Comment 14 Julian Seward 2018-11-28 07:48:38 UTC

(In reply to Andreas Arnez from comment #9)
> For the record, Julian Seward commented the following in IRC:
> 
> * Regarding the fused multiply-add/subs:
> 
> "I think the *right* fix here is to create new Iops, Iop_MAddF64x2 and
> IOpMSubF64x2 and use those instead (see libvex_ir.h, Iop_MAddF64 for
> description) or (ugly slow hack) in s390_vector_fp_mulAddOrSub_operation,
> for the vector case, split up the each operand into 2 64-bit scalars, use
> the existing scalar FMA operations, and reconstruct the vector (it will
> generate worse code, but it is less effort to implement because you don't
> need to change any code-generator stuff)."

Regarding the split/scalar-op/reconstruct strategy.  That's probably not
too bad for dealing with 64 bit lanes in a 128 bit vector.  But as the
vector width grows (next year, 256 bit vectors in s390, maybe?) and the
lane size gets smaller (F32 ops, I16 ops) etc, this begins to generate
terribly slow and verbose code compared to the "right" fix.  I mention
this because, in the amd64 (x86_64) front end, this problem has now become
extreme -- eg, a 256 vector instruction comprising 8 x (convert i32 to f32)
becomes easily 200 instructions at the back end.

So investing in the "right" fix might be necessary at some point.

Comment 15 Andreas Arnez 2018-11-28 19:52:30 UTC

(In reply to Julian Seward from comment #12)
> (In reply to Andreas Arnez from comment #10)
> [...]
> +         unsigned int v2  : 4;
> etc
> 
> For new structs like this, I'd prefer you use the house type "UInt" rather
> than "unsigned int".
Sure, I can change this.  Just note that there are many such bit fields in the s390-specific code already, and they generally seem to be declared as "unsigned int".  This particularly applies to the code surrounding the added structs, which means that their different style will stick out.  Or should we better create a separate patch for changing all such occurrences in the s390-specific code at once?

> +/* Check if "Single-Element-Control" bit is set.
> s/if/if the
OK.

> +static const HChar *
> +s390_irgen_VCDG(UChar v1, UChar v2, UChar m3, UChar m4, UChar m5)
> +{
> +   vassert(m3 == 3);
> (and the same assertion in various functions below).  The assertion
> really checks that there is some logic error in the s390 front end,
> right?  In particular you're sure that it won't fail even in the
> case of unknown/undecodable instructions?
No.  I stumbled upon that as well, but honestly didn't pay much attention to it.  Unfortunately the current code structure in guest_s390_toIR.c doesn't provide a clean way of reporting a decoding error up through the call chain.  See my patch below for a possible solution.

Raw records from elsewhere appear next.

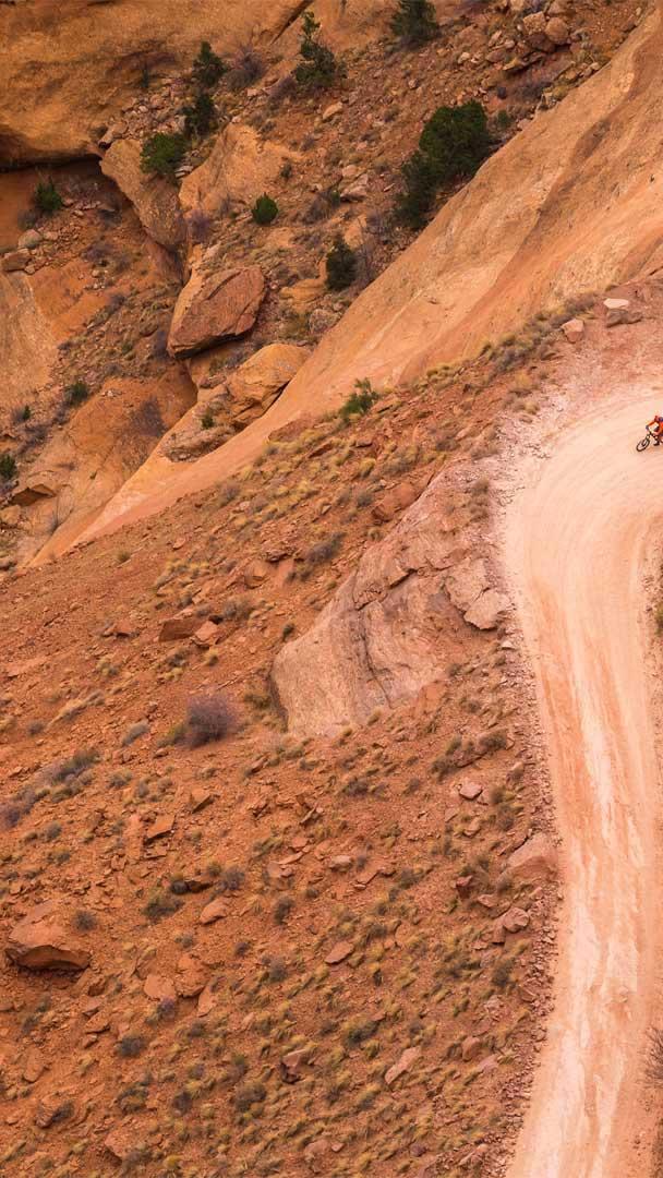 两名山地车骑手在白缘公路上沿着谢福小道的转弯处骑行 ,犹他州峡谷地国家公园
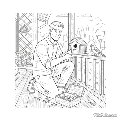 Homem consertando casa de pássaro no corrimão da varanda
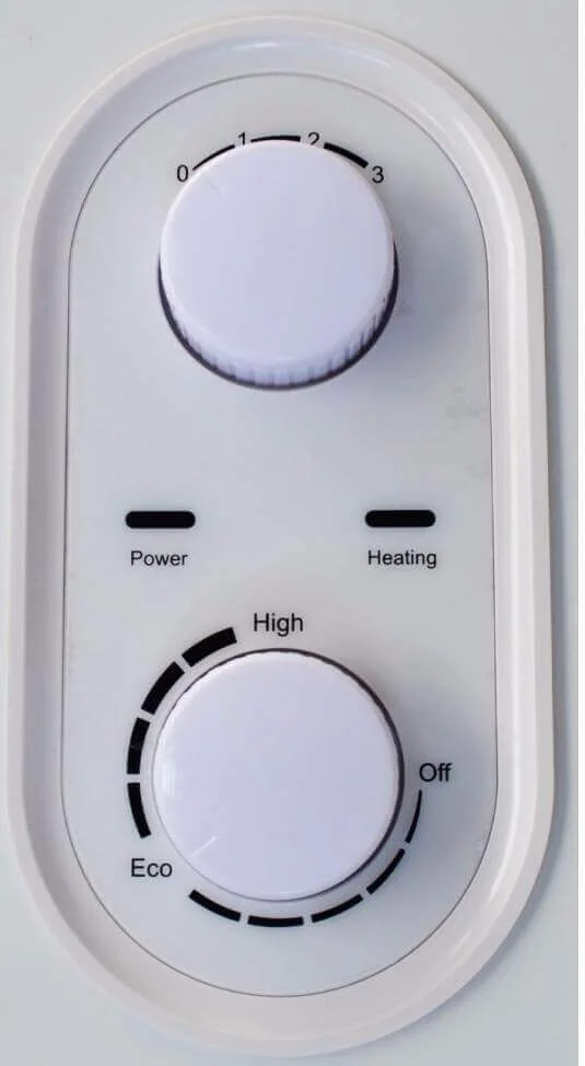 Нагрів води здійснюється за допомогою здвоєного «сухого» нагрівального елемента з нержавіючої сталі загальною потужністю 2000 Вт (800 + 1200 Вт). Перевагою «сухого» ТЕНа є його захист від прямого контакту з водою, що подовжує термін служби та спрощує обслуговування. Навіть у разі виходу з ладу одного з нагрівальних елементів, водонагрівач продовжує функціонувати. На панелі керування розташовані трипозиційний регулятор потужності, терморегулятор та світлові індикатори нагріву та живлення.
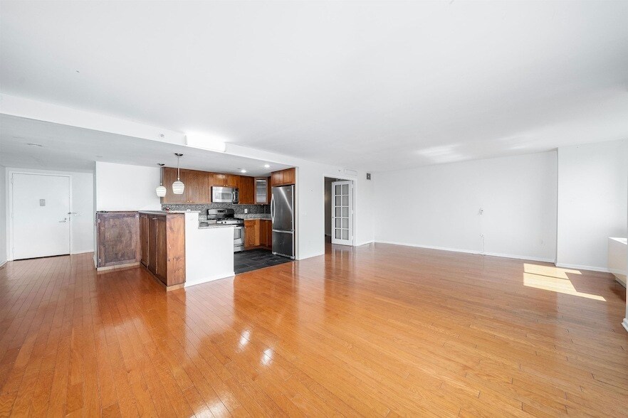 Spacious south facing 2 bedrooms (2nd bedroom is a den can be used as bedroom, office), 2 full baths home. Expansive living/dining area with hardwood flooring throughout. Open kitchen with granite counters, full stainless-steel appliances. Primary bedroom can accommodate a king bed and has custom-built ins walk in closet. Home includes upgraded built in closets throughout - plenty of storage. Primary bath has soaking tub and separate shower stall. Rent includes heat/hot water, basic cable, internet, cooking gas, use of amenities and one indoor parking spot. Gym, residents lounge, upper/lower courtyards with charcoal bbq grills and shuttle to the Hoboken PATH. Close to Newport, parks, restaurants, shops, Holland Tunnel, US 1&9, Rte 78 and NJ Turnpike. Available Feb 1. Small pets considered with pet fee
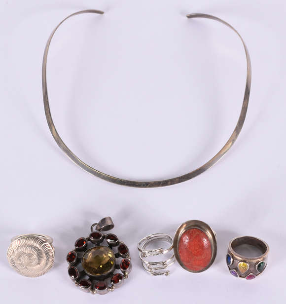 Seis peças de prata sendo : Gargantilha , 4 anéis e 1 pendente . Aros 16/17/18 e 19 ( por questão de segurança a ...

> @@ -19357,6 +20039,18 @@ s390_decode_6byte_and_irgen(const UChar *bytes)
>          unsigned int rxb : 4;
>          unsigned int op2 : 8;
>        } VRR;
> +      struct {
> +         unsigned int op1 : 8;
> 
> Same comment as above re UInt.
The same as above applies.

Comment 16 Andreas Arnez 2018-11-28 19:57:22 UTC

Created attachment 116556 [details]
Change unsigned int to UInt

This is a delta-patch that changes the bit fields members from unsigned int to UInt.  This patch only performs this change for the structures added with the introduction of vector FP support and is meant to be merged with the base patch (if desired).

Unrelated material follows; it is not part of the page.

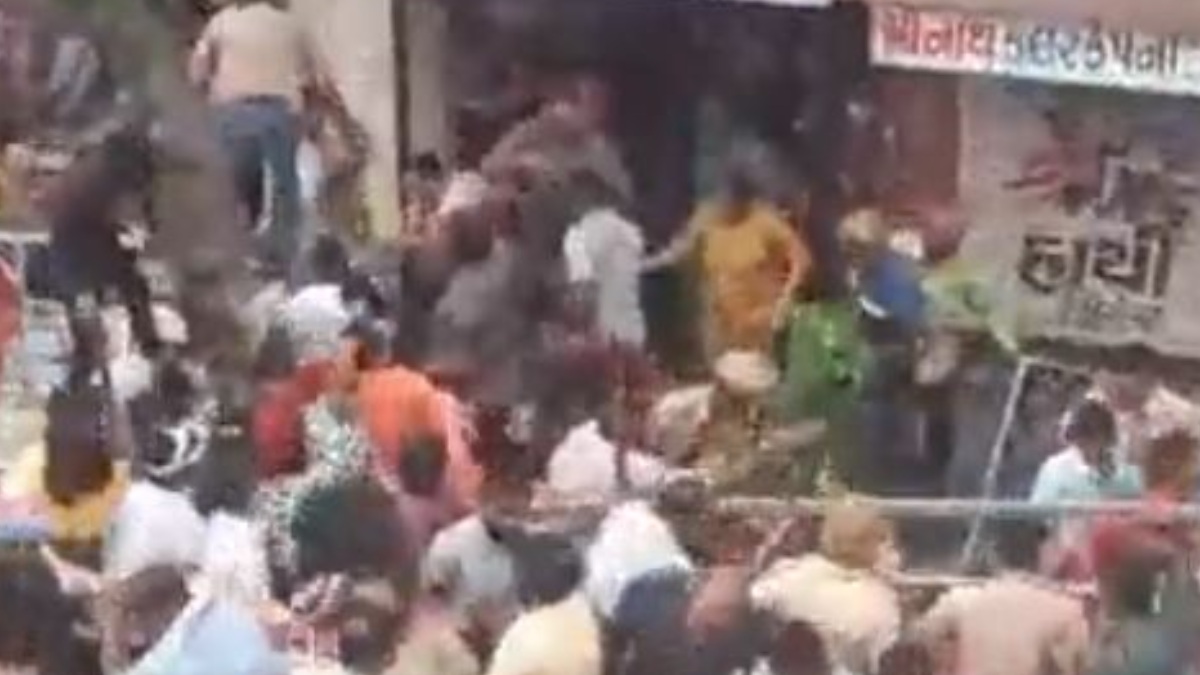 VIDEO | Eight people were injured after the balcony of a two-storeyed building collapsed during the Lord Jagannath Rath Yatra in Dariyapur area of Ahmedabad. pic.twitter.com/7QEE2RZliK

Comment 17 Andreas Arnez 2018-11-28 20:02:45 UTC

Created attachment 116557 [details]
Address feedback for vector FP patch

Another delta-patch that addresses the remaining aspects from comment #12.  The vassert() invocations that actually check for specification exceptions are replaced by invocations to a new macro, s390_insn_assert().  If a specification exception is recognized, Valgrind will now emit a message like this:
  vex s390->IR: specification exception: E720 2000 20E3
  ==158317== valgrind: Unrecognised instruction at address 0x10004c2.
This patch is also meant to be merged with the base vector FP support before committing.

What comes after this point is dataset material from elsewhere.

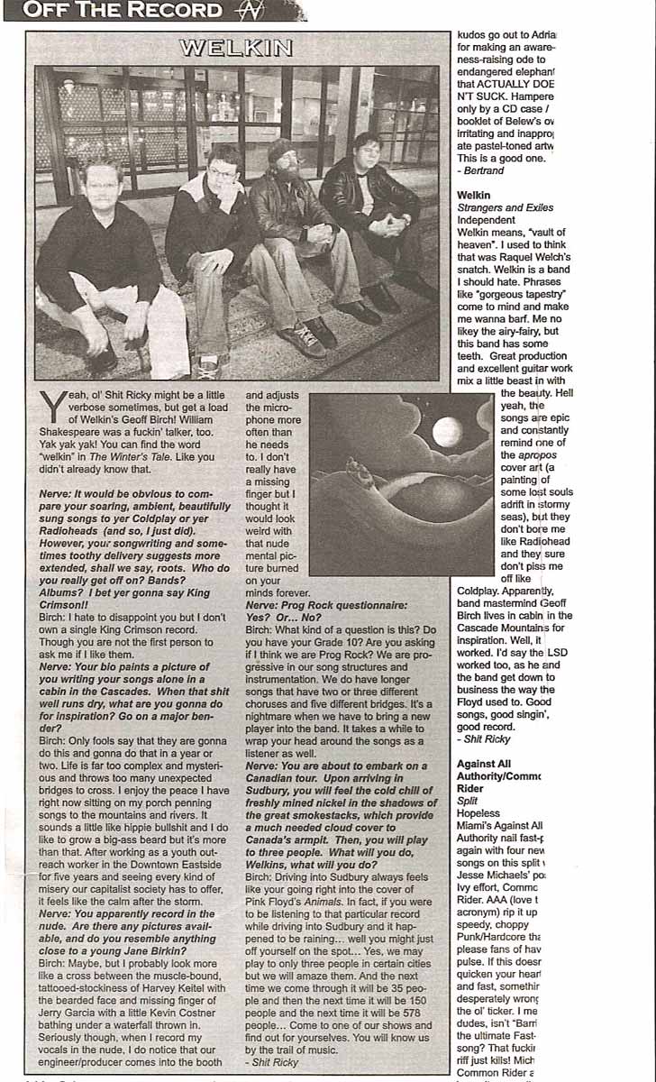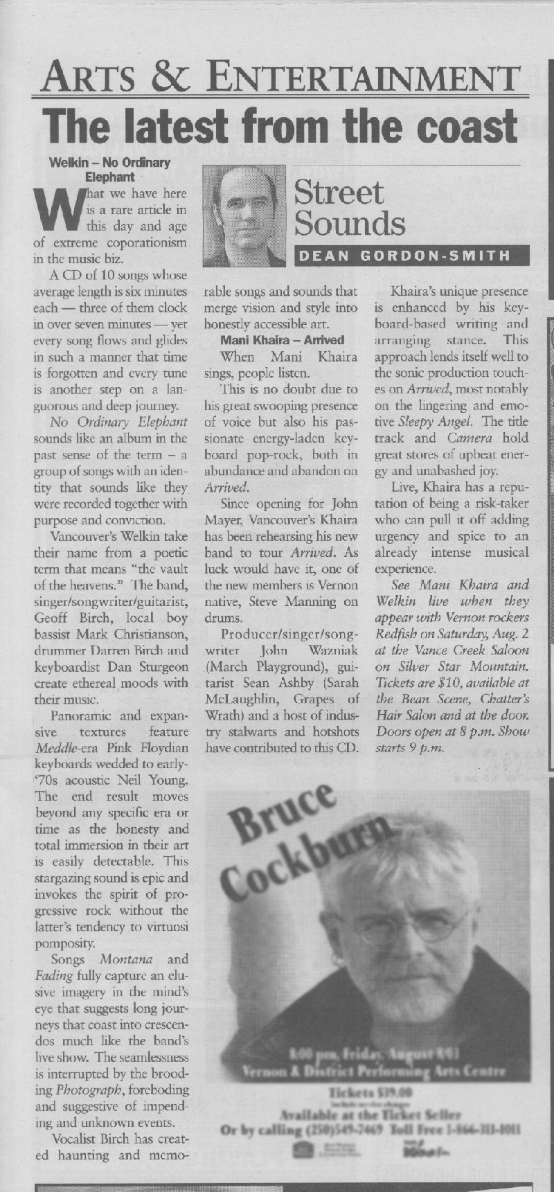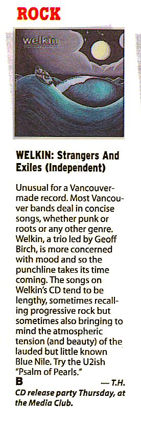 "Unusual for a Vancouver made record. Welkin, a trio led by Geoff Birch, is more concerned with mood so the punchline takes its time in coming. The songs on Welkin's CD tend to be lengthy, sometimes recalling progressive rock but sometimes bringing to mind the atmospheric tension (and beauty) of the lauded but little known Blue Nile."

Comment 18 Andreas Arnez 2018-11-30 14:18:13 UTC

Pushed after approval from Julian on IRC yesterday --
  "(03:05:09 PM) sewardj: so, yes, land all the 385411 patches"
-- as the following commits:

  600a0099a Bug 385411 s390x: Add z13 vector floating point support
  86bd88945 Bug 385411 s390x: Tests and internals for z13 vector FP support

Where the patches from comment 16 and comment 17 have been merged into the former.